# [Instructions to follow]
A letter-for-letter copy of the listing is required, with no pictures in it.

# [Collected material]
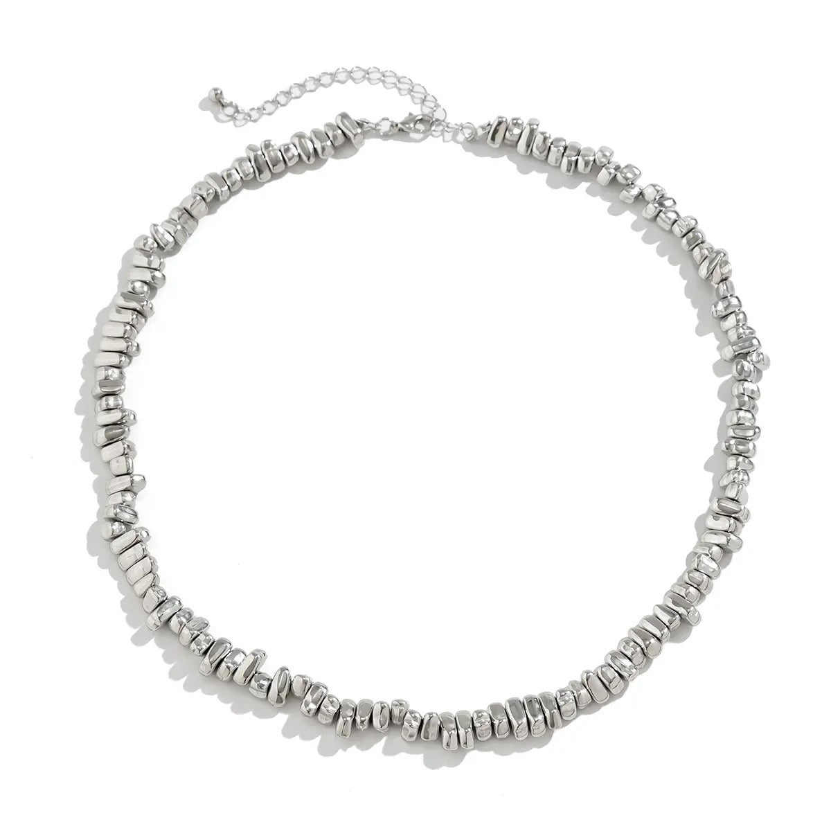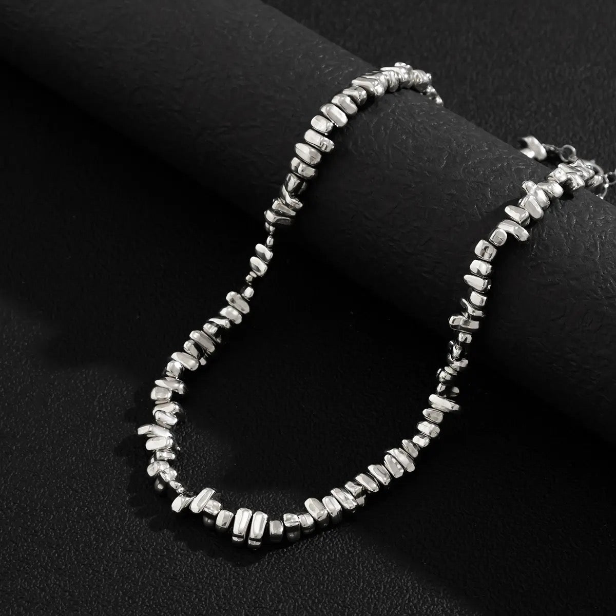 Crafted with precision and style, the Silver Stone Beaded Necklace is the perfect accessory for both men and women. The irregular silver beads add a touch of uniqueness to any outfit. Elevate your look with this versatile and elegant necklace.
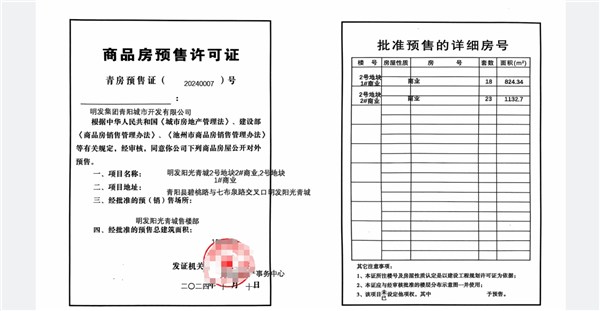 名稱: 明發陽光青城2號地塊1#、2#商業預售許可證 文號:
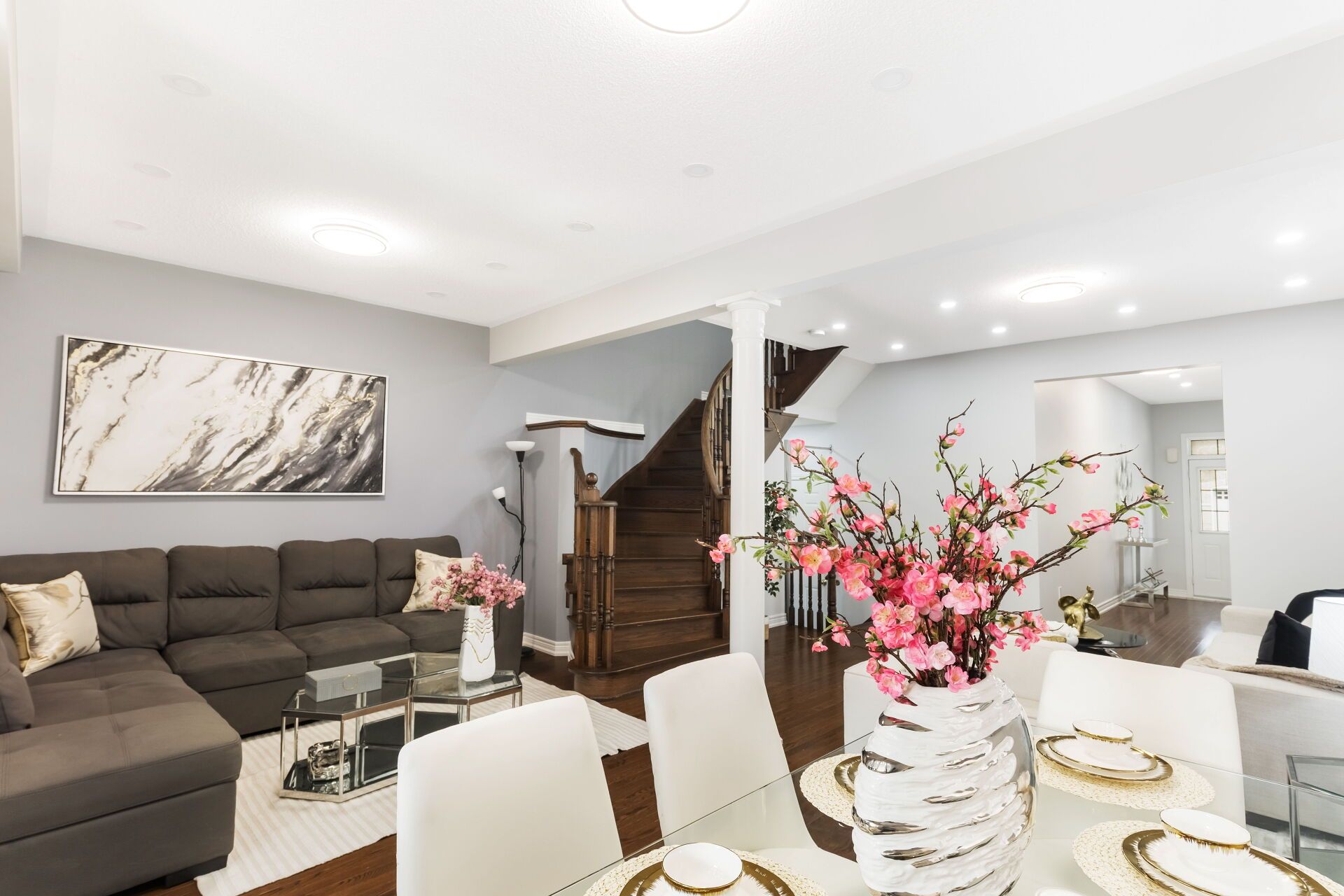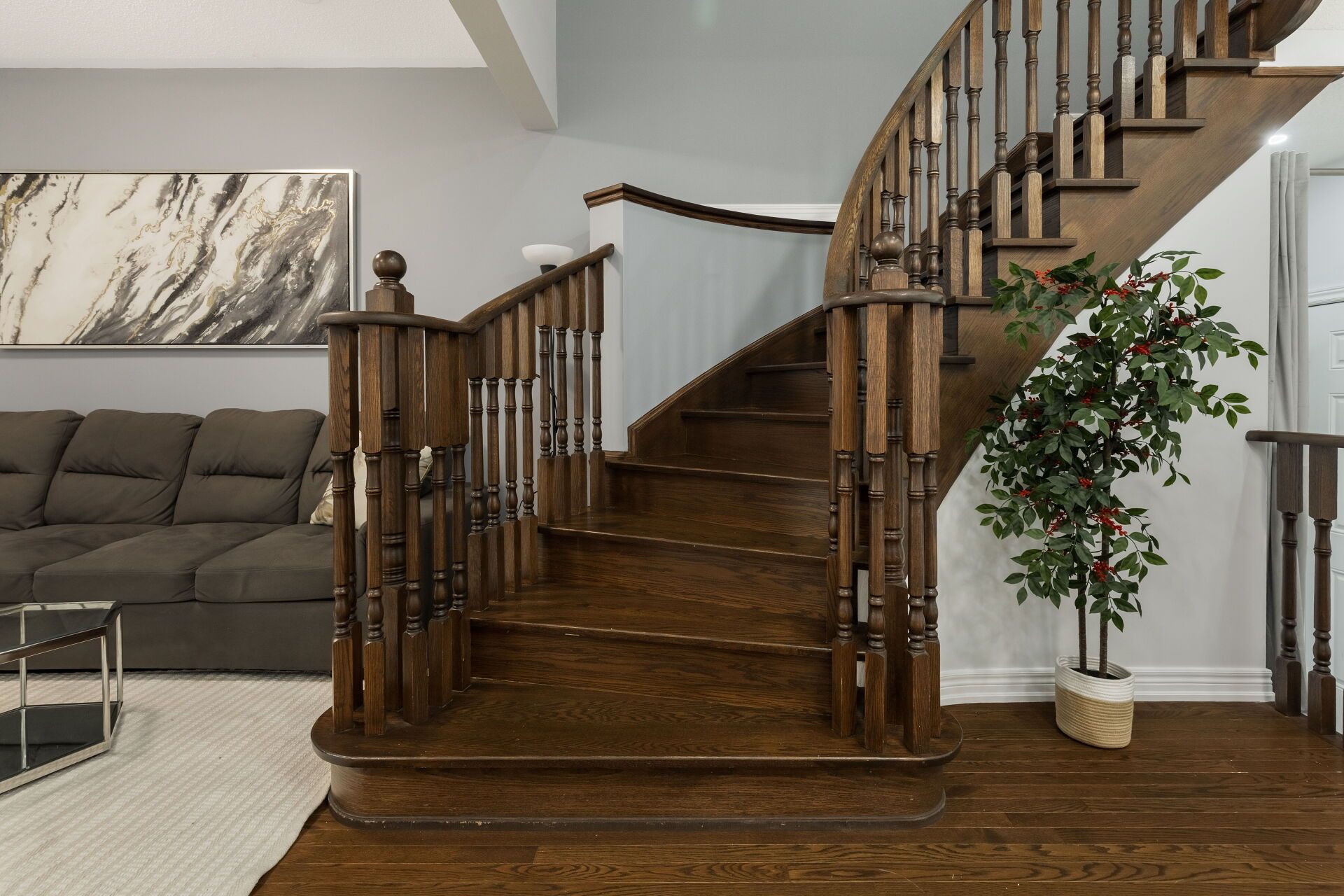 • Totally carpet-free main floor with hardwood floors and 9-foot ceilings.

# [Result for this task]
 Crafted with precision and style, the Silver Stone Beaded Necklace is the perfect accessory for both men and women. The irregular silver beads add a touch of uniqueness to any outfit. Elevate your look with this versatile and elegant necklace.
 名稱: 明發陽光青城2號地塊1#、2#商業預售許可證 文號:
 • Totally carpet-free main floor with hardwood floors and 9-foot ceilings.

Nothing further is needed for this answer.